Data section:
---

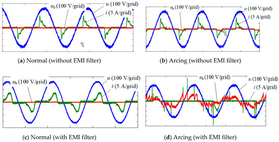 The explanation of the results in Figure 7d is as follows. Assume that the voltage on capacitance Cx is uL. When |u − uL| < Uz, the arc gap cannot be broken, the arc gap resistance Rh is extremely large, and current i is zero; however, when |u − uL| > Uz, the arc gap is broken, a series arc occurs, and Rh rapidly decreases. Because uL is less than Uc, the diodes remain in a reverse blocking state. Moreover, the inductance in the EMI filter will block the passage of the current. Most of current i will charge Cx. In addition, i will increase rapidly from zero to Uz/Rh. Because the capacity of capacitance Cx is too small, uL increases much faster than u, causing uh to decrease rapidly and become smaller than Us; the arc will then be extinguished, and i will rapidly decrease to zero, which is why the pulses appear in the current waveform. Owing to the influence of the filter inductor, the voltage uL on Cx does not change much during the following period. With the increase in u, when u > (uL + Uz), the arc gap will be broken again. A pulse again appears in i. Other pulses also appear for the same reason. Moreover, uL will continue to increase, and when its value approaches Uc, if u continues to increase and meets the condition |u| > Uc + Uz, the arc will occur again. During this period, the diodes are randomly turned on or off, the reason for which is as follows: because the distance of the arc gap is uncertain, the arc-extinguishing voltage Us is uncertain even at the same current. When the arc gap is broken, if uh is always larger than Us during the increase in uL, the arc will be not extinguished, and the diodes will turn on. If uh < Us at some point during the period of increase in uL, the arc will be extinguished, and the diode will not turn on.
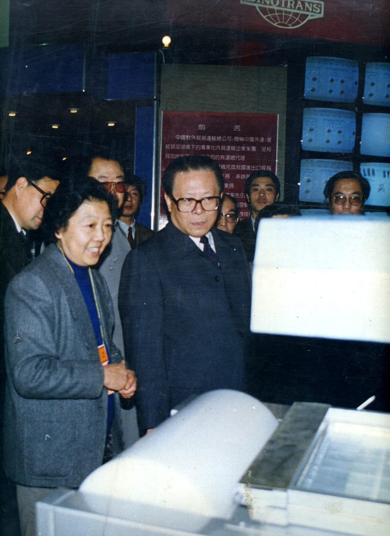 中共中央总书记江泽民参观浙江省机电设计研究院自行设计研制的贴体包装设备
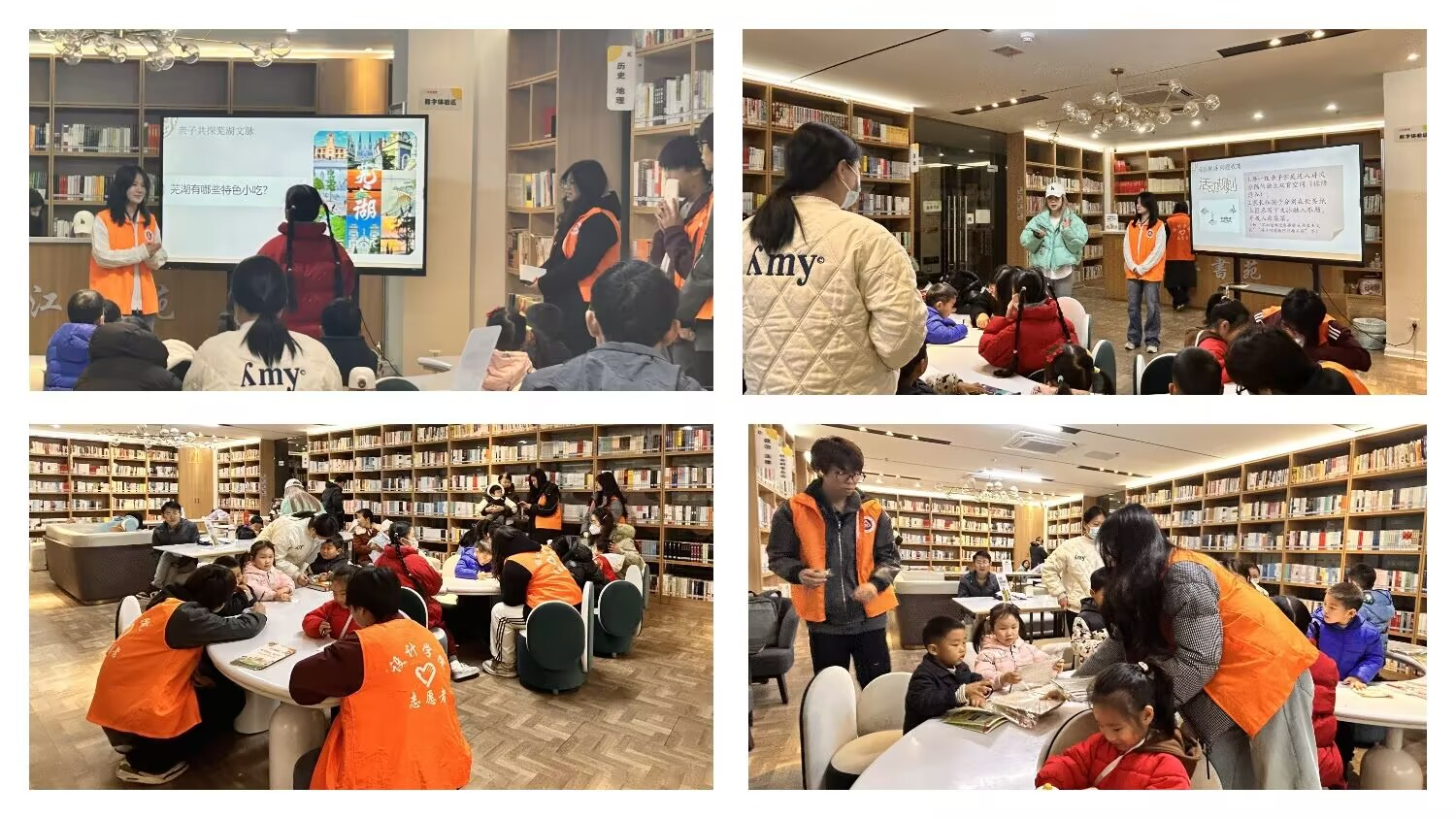 活动开场,暖场破冰环节迅速炒热气氛。志愿者亲切介绍芜湖古称“鸠兹”的由来,点明“亲子共探芜湖文脉”主题。随后“芜湖小问答”互动游戏登场,问题贴近生活,孩子们热情高涨,高举小手抢答,家长适时补充,现场欢声笑语,亲子家庭初步唤醒对本土文化的关注与记忆。

---

Exercise description:
Could you set down the data exactly as given, minus its pictures?

Solution for this exercise:
 The explanation of the results in Figure 7d is as follows. Assume that the voltage on capacitance Cx is uL. When |u − uL| < Uz, the arc gap cannot be broken, the arc gap resistance Rh is extremely large, and current i is zero; however, when |u − uL| > Uz, the arc gap is broken, a series arc occurs, and Rh rapidly decreases. Because uL is less than Uc, the diodes remain in a reverse blocking state. Moreover, the inductance in the EMI filter will block the passage of the current. Most of current i will charge Cx. In addition, i will increase rapidly from zero to Uz/Rh. Because the capacity of capacitance Cx is too small, uL increases much faster than u, causing uh to decrease rapidly and become smaller than Us; the arc will then be extinguished, and i will rapidly decrease to zero, which is why the pulses appear in the current waveform. Owing to the influence of the filter inductor, the voltage uL on Cx does not change much during the following period. With the increase in u, when u > (uL + Uz), the arc gap will be broken again. A pulse again appears in i. Other pulses also appear for the same reason. Moreover, uL will continue to increase, and when its value approaches Uc, if u continues to increase and meets the condition |u| > Uc + Uz, the arc will occur again. During this period, the diodes are randomly turned on or off, the reason for which is as follows: because the distance of the arc gap is uncertain, the arc-extinguishing voltage Us is uncertain even at the same current. When the arc gap is broken, if uh is always larger than Us during the increase in uL, the arc will be not extinguished, and the diodes will turn on. If uh < Us at some point during the period of increase in uL, the arc will be extinguished, and the diode will not turn on.
 中共中央总书记江泽民参观浙江省机电设计研究院自行设计研制的贴体包装设备
 活动开场,暖场破冰环节迅速炒热气氛。志愿者亲切介绍芜湖古称“鸠兹”的由来,点明“亲子共探芜湖文脉”主题。随后“芜湖小问答”互动游戏登场,问题贴近生活,孩子们热情高涨,高举小手抢答,家长适时补充,现场欢声笑语,亲子家庭初步唤醒对本土文化的关注与记忆。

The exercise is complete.